Line by line, copy the entries exactly, excluding the pictures.

[Start of section]

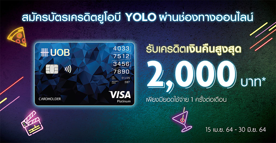 สำหรับลูกค้าใหม่ที่สมัครบัตรเครดิตยูโอบี โยโล่ แพลทินัม ผ่านช่องทางออนไลน์ และได้รับการอนุมัติบัตรเครดิตจากธนาคารภายในวันที่ 16 ก.ค. 64 เท่านั้น รับเครดิตเงินคืนเข้าบัญชีบัตรเครดิตเดือนละ 500 บาท เมื่อมียอดใช้จ่ายผ่านบัตรเครดิตโยโล่ แพลทินัม อย่างน้อย 1 ครั้ง ภายใน 1 เดือน ได้นานสูงสุด 4 เดือน (สูงสุด 2,000 บาท)
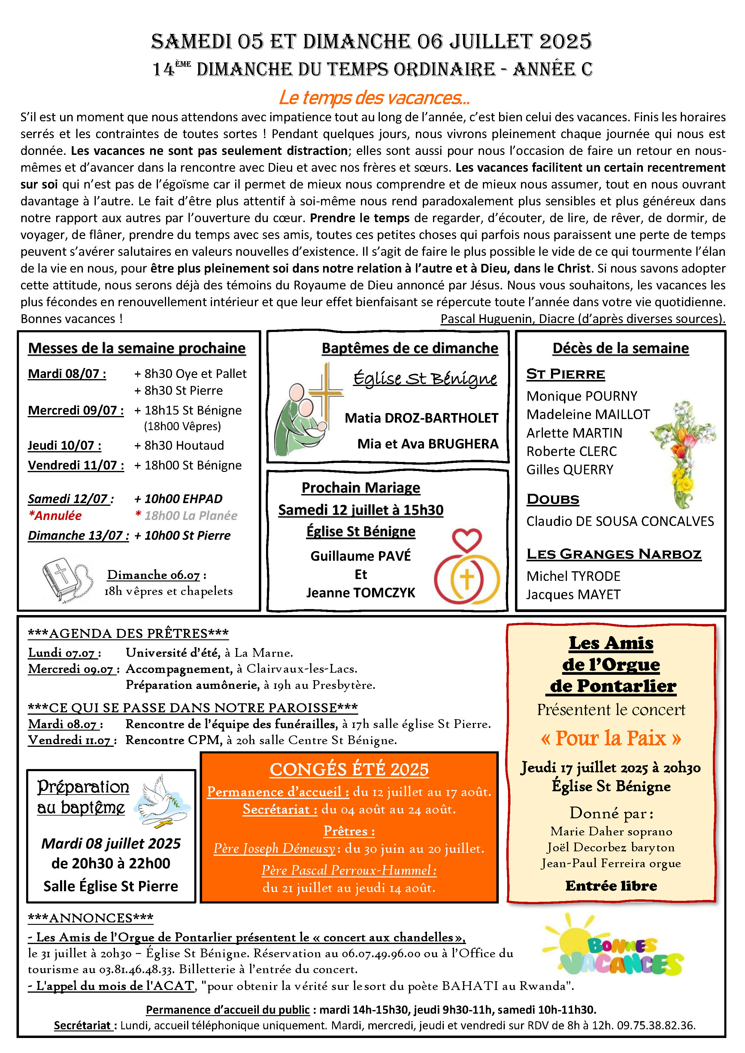 Annonces de la semaine du 06 juillet 2025
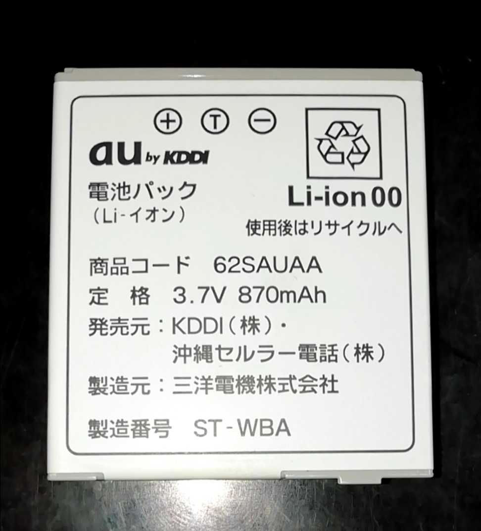 - 【中古】au純正62SAUAA電池パックバッテリー【充電確認済】対応機種(参考)W62SA
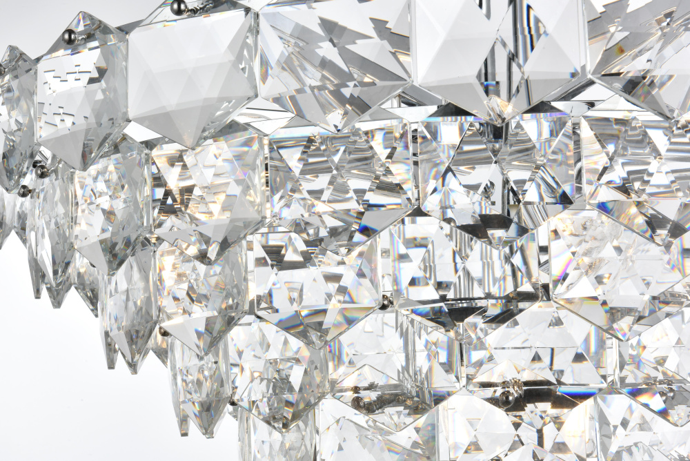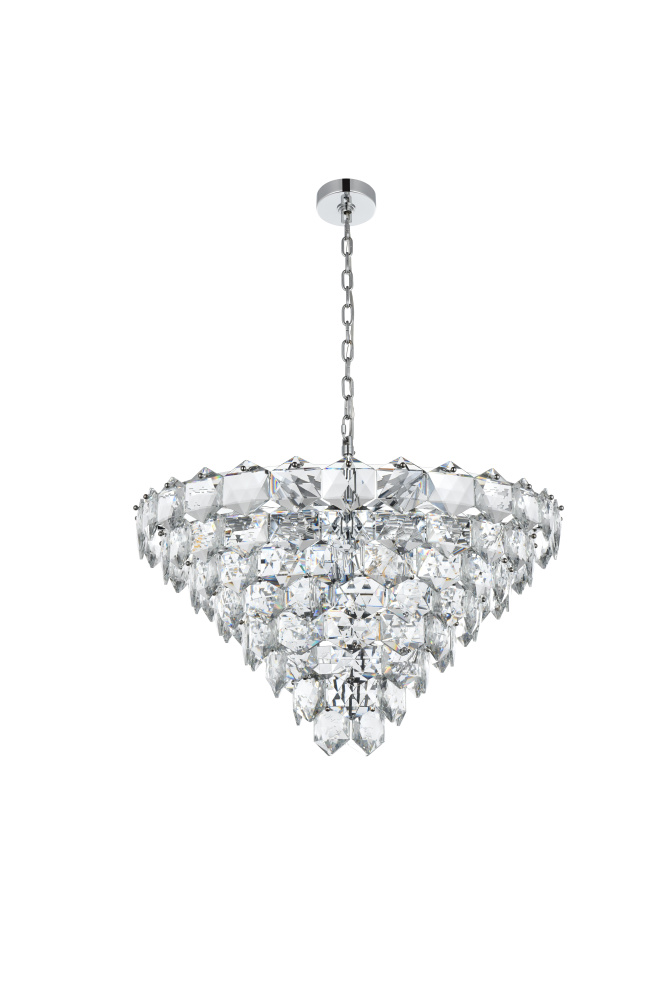 Transform your space with this cascading multi-tier pendant light that combines striking design with meticulous craftsmanship. Crafted from a sturdy iron frame and adorned with six-sided faceted crystals, this lighting piece exudes charm through its ability to diffuse light into a soft, radiant glow. With finishes available in both sleek chrome for a contemporary feel and satin gold for a warmer, refined touch, it complements a range of decor styles. The adjustable height, from 27 inches to 87 inches with the included 59-inch chain, ensures it fits seamlessly in any setting. Equipped with fifteen E12 sockets and dimmable functionality, you can customize the lighting to suit your mood or occasion. Its matching canopy and chain finish complete the cohesive design, making it perfect for kitchens, dining rooms, living rooms, or offices. A statement piece that transforms your space into a work of art, this pendant is the perfect blend of style and functionality.
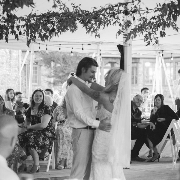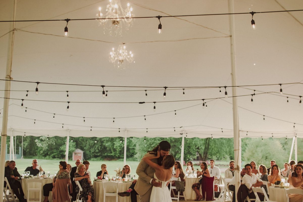 Canopy Tent – Our 1400 square foot white canopy tent is set up in the sprawling backyard against a backdrop of sparkling water. With 360 degree views, this timeless reception space provides a blank slate to make your “Pinterest-worthy” wedding dreams come true!

[End of section]

◆ **Written response**
 สำหรับลูกค้าใหม่ที่สมัครบัตรเครดิตยูโอบี โยโล่ แพลทินัม ผ่านช่องทางออนไลน์ และได้รับการอนุมัติบัตรเครดิตจากธนาคารภายในวันที่ 16 ก.ค. 64 เท่านั้น รับเครดิตเงินคืนเข้าบัญชีบัตรเครดิตเดือนละ 500 บาท เมื่อมียอดใช้จ่ายผ่านบัตรเครดิตโยโล่ แพลทินัม อย่างน้อย 1 ครั้ง ภายใน 1 เดือน ได้นานสูงสุด 4 เดือน (สูงสุด 2,000 บาท)
 Annonces de la semaine du 06 juillet 2025
 - 【中古】au純正62SAUAA電池パックバッテリー【充電確認済】対応機種(参考)W62SA
 Transform your space with this cascading multi-tier pendant light that combines striking design with meticulous craftsmanship. Crafted from a sturdy iron frame and adorned with six-sided faceted crystals, this lighting piece exudes charm through its ability to diffuse light into a soft, radiant glow. With finishes available in both sleek chrome for a contemporary feel and satin gold for a warmer, refined touch, it complements a range of decor styles. The adjustable height, from 27 inches to 87 inches with the included 59-inch chain, ensures it fits seamlessly in any setting. Equipped with fifteen E12 sockets and dimmable functionality, you can customize the lighting to suit your mood or occasion. Its matching canopy and chain finish complete the cohesive design, making it perfect for kitchens, dining rooms, living rooms, or offices. A statement piece that transforms your space into a work of art, this pendant is the perfect blend of style and functionality.
 Canopy Tent – Our 1400 square foot white canopy tent is set up in the sprawling backyard against a backdrop of sparkling water. With 360 degree views, this timeless reception space provides a blank slate to make your “Pinterest-worthy” wedding dreams come true!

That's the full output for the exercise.